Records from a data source
·····

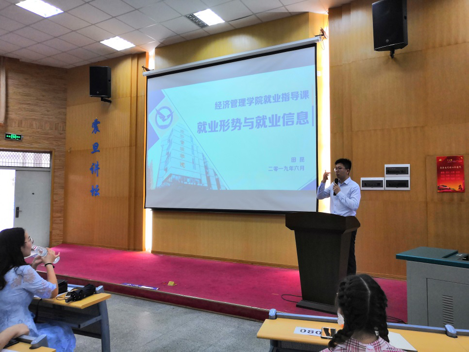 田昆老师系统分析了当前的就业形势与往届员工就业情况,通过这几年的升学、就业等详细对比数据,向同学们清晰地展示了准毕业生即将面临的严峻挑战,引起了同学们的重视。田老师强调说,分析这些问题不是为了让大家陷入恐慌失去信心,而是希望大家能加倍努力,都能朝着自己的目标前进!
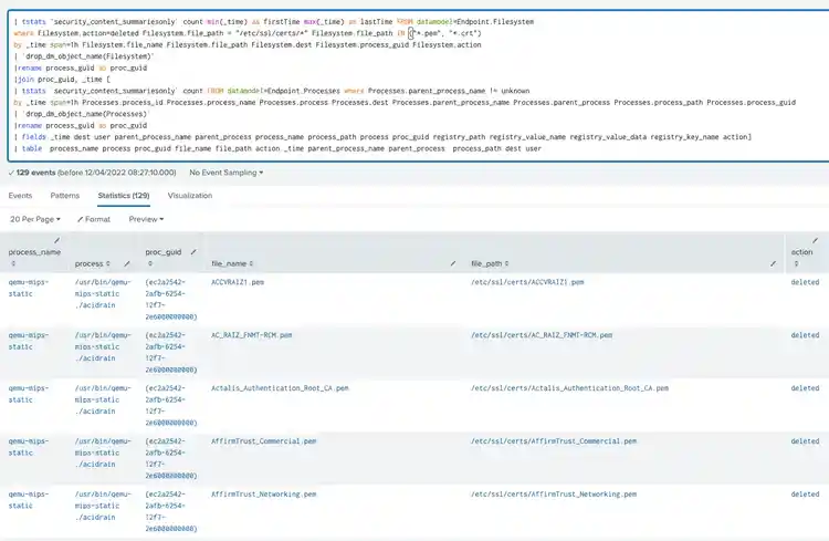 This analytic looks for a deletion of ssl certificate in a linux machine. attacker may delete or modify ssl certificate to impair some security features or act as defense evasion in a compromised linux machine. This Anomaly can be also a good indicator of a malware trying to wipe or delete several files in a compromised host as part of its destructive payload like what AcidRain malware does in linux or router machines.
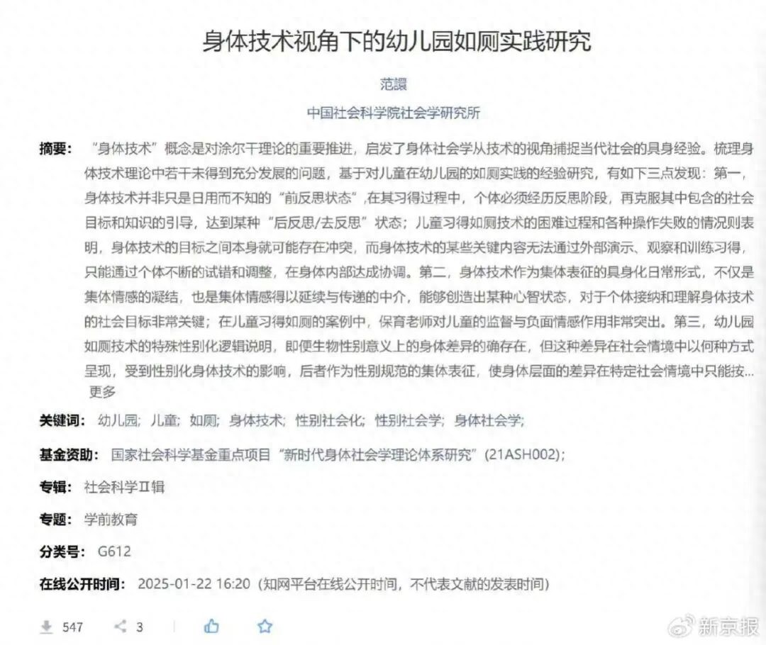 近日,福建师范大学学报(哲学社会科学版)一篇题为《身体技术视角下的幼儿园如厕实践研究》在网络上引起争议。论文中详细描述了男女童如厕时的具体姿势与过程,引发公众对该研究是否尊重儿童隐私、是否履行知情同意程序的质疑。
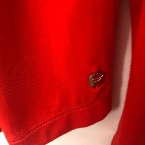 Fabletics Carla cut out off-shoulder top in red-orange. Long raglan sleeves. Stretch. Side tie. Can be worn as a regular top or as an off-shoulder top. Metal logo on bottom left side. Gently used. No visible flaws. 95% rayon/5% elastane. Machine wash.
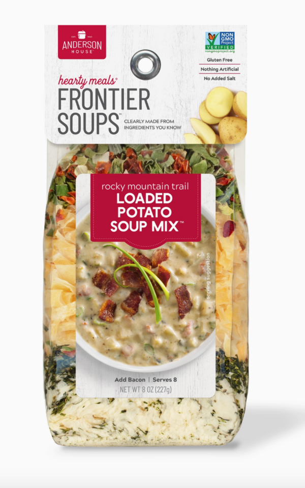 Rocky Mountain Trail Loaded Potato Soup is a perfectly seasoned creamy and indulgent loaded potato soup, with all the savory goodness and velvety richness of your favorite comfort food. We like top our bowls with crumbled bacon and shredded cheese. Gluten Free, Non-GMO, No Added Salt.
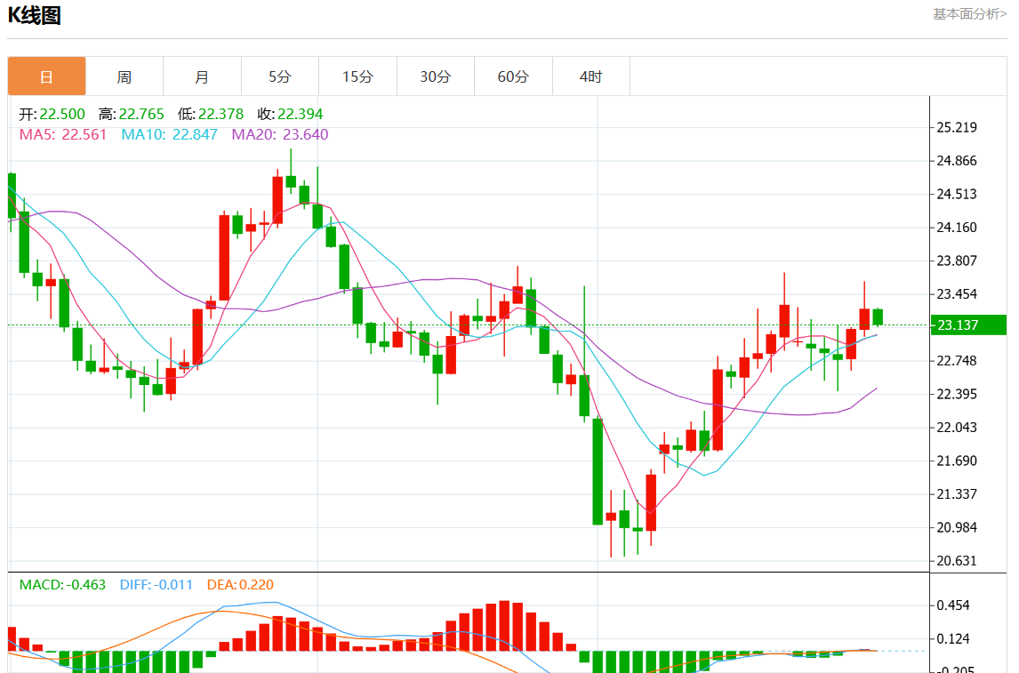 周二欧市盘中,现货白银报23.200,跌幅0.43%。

·····

» Your instructions
Each entry should be repeated exactly as it appears; the pictures stay out.

» Task output
 田昆老师系统分析了当前的就业形势与往届员工就业情况,通过这几年的升学、就业等详细对比数据,向同学们清晰地展示了准毕业生即将面临的严峻挑战,引起了同学们的重视。田老师强调说,分析这些问题不是为了让大家陷入恐慌失去信心,而是希望大家能加倍努力,都能朝着自己的目标前进!
 This analytic looks for a deletion of ssl certificate in a linux machine. attacker may delete or modify ssl certificate to impair some security features or act as defense evasion in a compromised linux machine. This Anomaly can be also a good indicator of a malware trying to wipe or delete several files in a compromised host as part of its destructive payload like what AcidRain malware does in linux or router machines.
 近日,福建师范大学学报(哲学社会科学版)一篇题为《身体技术视角下的幼儿园如厕实践研究》在网络上引起争议。论文中详细描述了男女童如厕时的具体姿势与过程,引发公众对该研究是否尊重儿童隐私、是否履行知情同意程序的质疑。
 Fabletics Carla cut out off-shoulder top in red-orange. Long raglan sleeves. Stretch. Side tie. Can be worn as a regular top or as an off-shoulder top. Metal logo on bottom left side. Gently used. No visible flaws. 95% rayon/5% elastane. Machine wash.
 Rocky Mountain Trail Loaded Potato Soup is a perfectly seasoned creamy and indulgent loaded potato soup, with all the savory goodness and velvety richness of your favorite comfort food. We like top our bowls with crumbled bacon and shredded cheese. Gluten Free, Non-GMO, No Added Salt.
 周二欧市盘中,现货白银报23.200,跌幅0.43%。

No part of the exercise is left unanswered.